Quantification-only → use pseudo-alignment (salmon / kallisto).

Prerequisites

STAR ≥ 2.7.11
samtools ≥ 1.19
Reference FASTA + GTF
~40 GB RAM and 50 GB disk for human index

Core workflow

Generate the genome index with STAR --runMode genomeGenerate.
Align reads with STAR --runMode alignReads.
2-pass mapping for sensitive novel junction discovery: first pass produces a SJ.out.tab, second pass uses it.
Sort and index the BAM (STAR can output sorted BAM directly with --outSAMtype BAM SortedByCoordinate).
Index the BAM with samtools index.

Code patterns

Generate the genome index (one-time, ~40 GB RAM for human)

STAR --runMode genomeGenerate \
    --runThreadN 16 \
    --genomeDir star_index/ \
    --genomeFastaFiles reference/genome.fa \
    --sjdbGTFfile reference/genes.gtf \
    --sjdbOverhang 149 \
    --genomeSAindexNbases 14

--sjdbOverhang 149 for 150 bp reads; for shorter reads, set to read_length - 1.

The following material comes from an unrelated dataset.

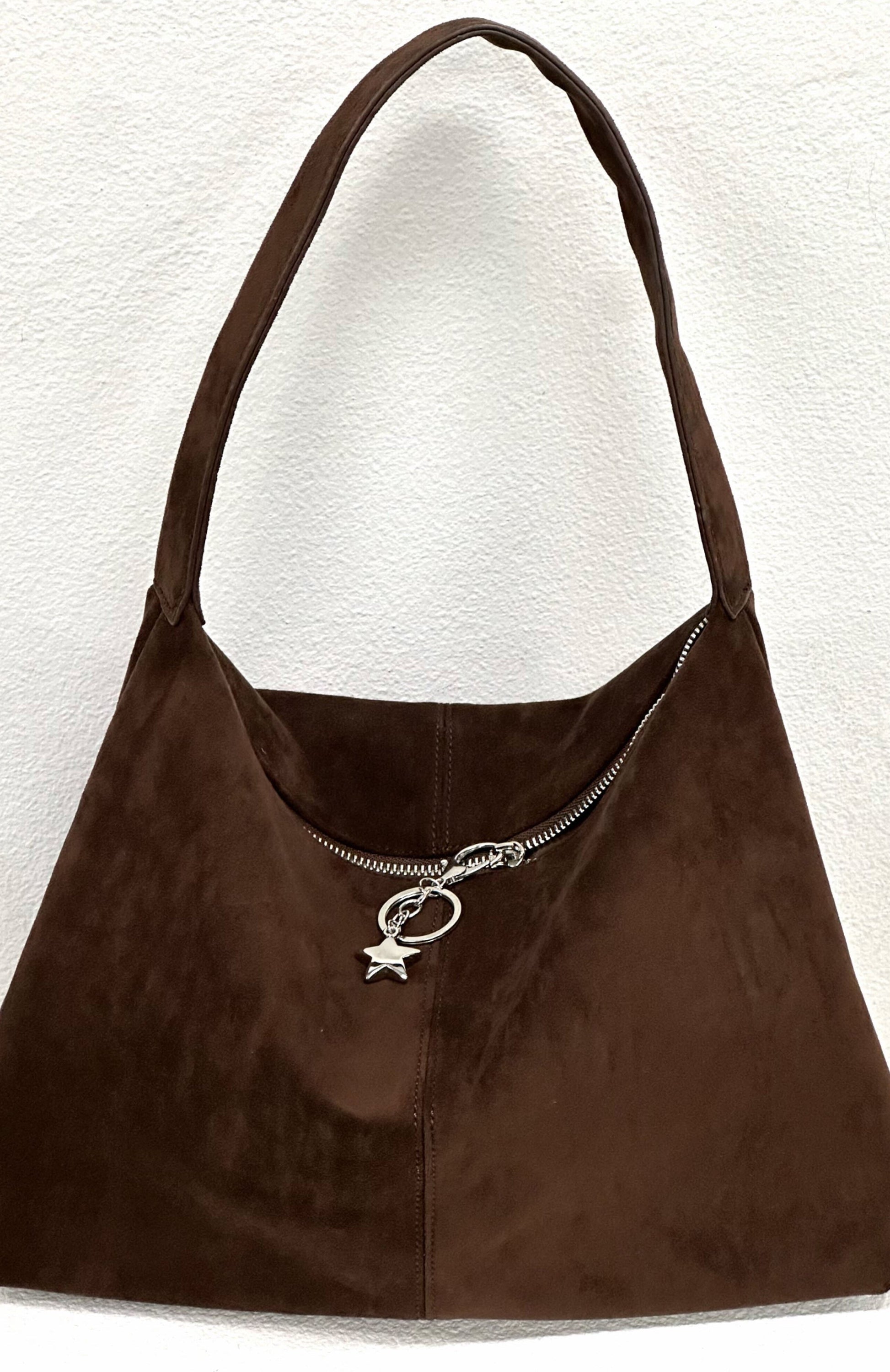 Add a touch of fun to your outfit with the Hadley Shoulder Bag in Chocolate. Features shoulder strap, zipper closure with sliver star charm and internal pocket. Its sleek design and perfect size make it your go-to companion for day-to-night adventures.
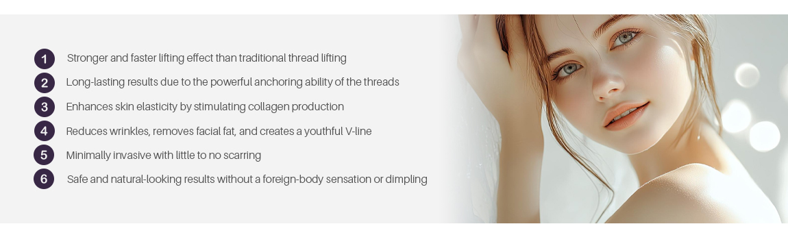 These threads not only lift sagging skin but also stimulate and maintain the elasticity of the skin tissues.

Paired-end alignment (most common)

STAR --runMode alignReads \
    --runThreadN 16 \
    --genomeDir star_index/ \
    --readFilesIn reads_R1.fq.gz reads_R2.fq.gz \
    --readFilesCommand zcat \
    --outFileNamePrefix sample1/ \
    --outSAMtype BAM SortedByCoordinate \
    --outSAMattrRGline ID:sample1 SM:sample1 PL:ILLUMINA LB:lib1 \
    --quantMode GeneCounts

Output:

sample1/Aligned.sortedByCoord.out.bam — coordinate-sorted BAM
sample1/ReadsPerGene.out.tab — gene-level counts (use this for DESeq2/edgeR)
sample1/SJ.out.tab — splice junctions
sample1/Log.final.out — alignment stats

2-pass mapping for novel junction discovery

# Pass 1: align and produce splice junctions
STAR --runMode alignReads ... --outFileNamePrefix pass1/
mv pass1/SJ.out.tab pass1_SJ.tab

# Pass 2: re-align with discovered junctions
STAR --runMode alignReads \
    --sjdbFileChrStartEnd pass1_SJ.tab \
    --genomeDir star_index_with_pass1_SJ/ \
    ... --outFileNamePrefix pass2/

Or use the simpler workflow: regenerate the index with the new SJ file and re-align.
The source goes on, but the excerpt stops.